I had advance notice from the temple’s abbess, Ven. Miao Jing, that they were going to send the congee, which was prepared for Bodhi Day to mark the enlightenment of Gautama Buddha. This Buddhist feast falls on the 8th day of the 12th lunar month, which was Jan. 2, 2020.
The temple sends me vegetarian food from time to time because they know I have difficulty getting and preparing no-meat dishes. This time, though, they sent so much congee that I began to worry how long the congee would keep.
It was very timely that one of our Chinese language teachers in the University of the Philippines texted me new year’s greetings and also mentioned that her daughter had been ill. Perfect, I thought, this special congee would be just right for her, so I shared some of the dish, which was a very filling and healthy mixture of beans, nuts and lotus seeds. I mentioned my sharing of the congee to the abbess, who was elated to hear about it, explaining that that was the spirit of the Bodhi congee. She also told me they had prepared 2,000 servings of the congee, which was shared out to their members as well as to friends, including barangay tanod and workers constructing their new college.

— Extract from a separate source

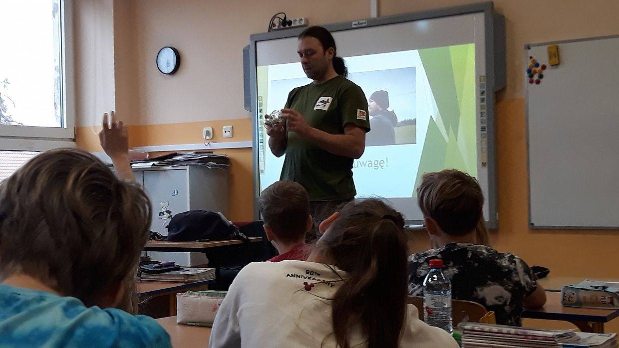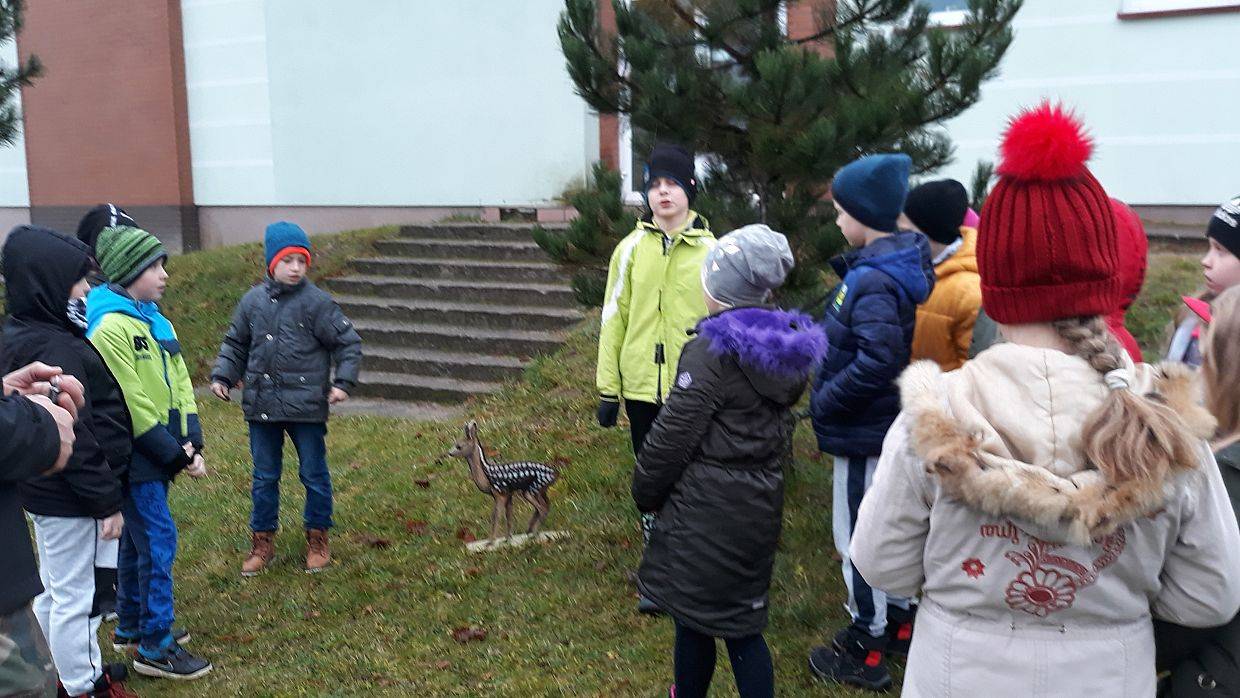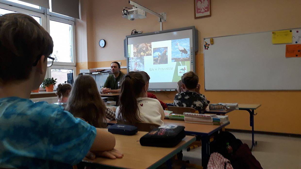 Uczniowie klas młodszych mieli możliwość poszerzenia swojej wiedzy na temat postępowania z dzikimi zwierzętami podczas zajęć z pracownikiem Pomorskiego Ośrodka Rehabilitacji Dzikich Zwierząt „Ostoja”. Na podstawie prezentacji pt. „Rok w przyrodzie” opowiadał dzieciom, na jakie zagrożenia narażone są dzikie zwierzęta w poszczególnych porach roku oraz jak można im w tych sytuacjach pomóc. Uczniowie dowiedzieli się m. in. jakie są zasady dokarmiania ptaków zimą, jakie zachowania jeża świadczą o tym, że dzieje się z nim coś złego, jak powinni postąpić, gdy znajdą młodego zająca, czy sarnę. Dzieci z dużym zainteresowaniem słuchały wykładu, a także zadawały pytania. Miały możliwość obejrzenia obrączek, które w ośrodku zakłada się ptakom, a także podziwiały pióra sójki, myszołowa i orała bielika. Na zakończenie przeprowadzone byłe też zajęcia w terenie, gdzie dzieci mogły wykorzystać wiadomości zdobyte podczas wykładu.

No wonder major religious observances are called feasts—they’re always a time for eating, and, more importantly, of sharing food.
The Muslims have Eid al-Adha or Feast of the Sacrifice, commemorating Abraham’s willingness to sacrifice his son as an act of obedience to God. That day also marks the end of the Hajj, the pilgrimage to Mecca, so in Indonesia, Malaysia and the Philippines, it is called the Hajj Feast.
That day is marked by distributing food. You may have seen this on Wilson Street in Greenhills, San Juan, where there are long queues of people—Muslims and non-Muslims alike—waiting to get free beef, usually a kilo per person, from the Pacific Dialogue Foundation, a Turkish group.
My friends in that foundation know I’m vegetarian, so they just give me Eid al-Adha coupons to share with others, but they always have a special treat for me of Noah’s porridge every Ashure, another feast day marking Noah’s ark finding safe ground at the end of the great flood. The legend is that Noah’s family gathered what was left of their food provisions to make the porridge.
There are many versions of the porridge, but they always exclude animal products, using instead seeds, grains, fruits with sugar and herbs. Some of my Muslim friends interpret the porridge’s ingredients as a symbol of nonviolence, since no animals are killed.
As with the Buddhist porridge, Noah’s porridge is prepared communally, in large quantities to be shared out.
I thought about the biblical parable where five loaves of bread and two fish ended up feeding a multitude of 5,000, the meager rations somehow multiplying so there was enough for everyone. I like mentioning that parable whenever I agree to take on some difficult challenge, as when UP Diliman had to accept more than 200 students from UP in Tacloban after the disastrous “Yolanda.”
Maybe we need a Christian version of the Buddhist and Muslim feasts, where a special symbolic dish is prepared and shared out. It could be named after that feeding of the multitude, and could come at the tail end of the Christmas holidays, when we tend to have much too much unconsumed food. In the spirit of today’s ecological movements, it could be like Noah’s porridge, with no meat and animal products.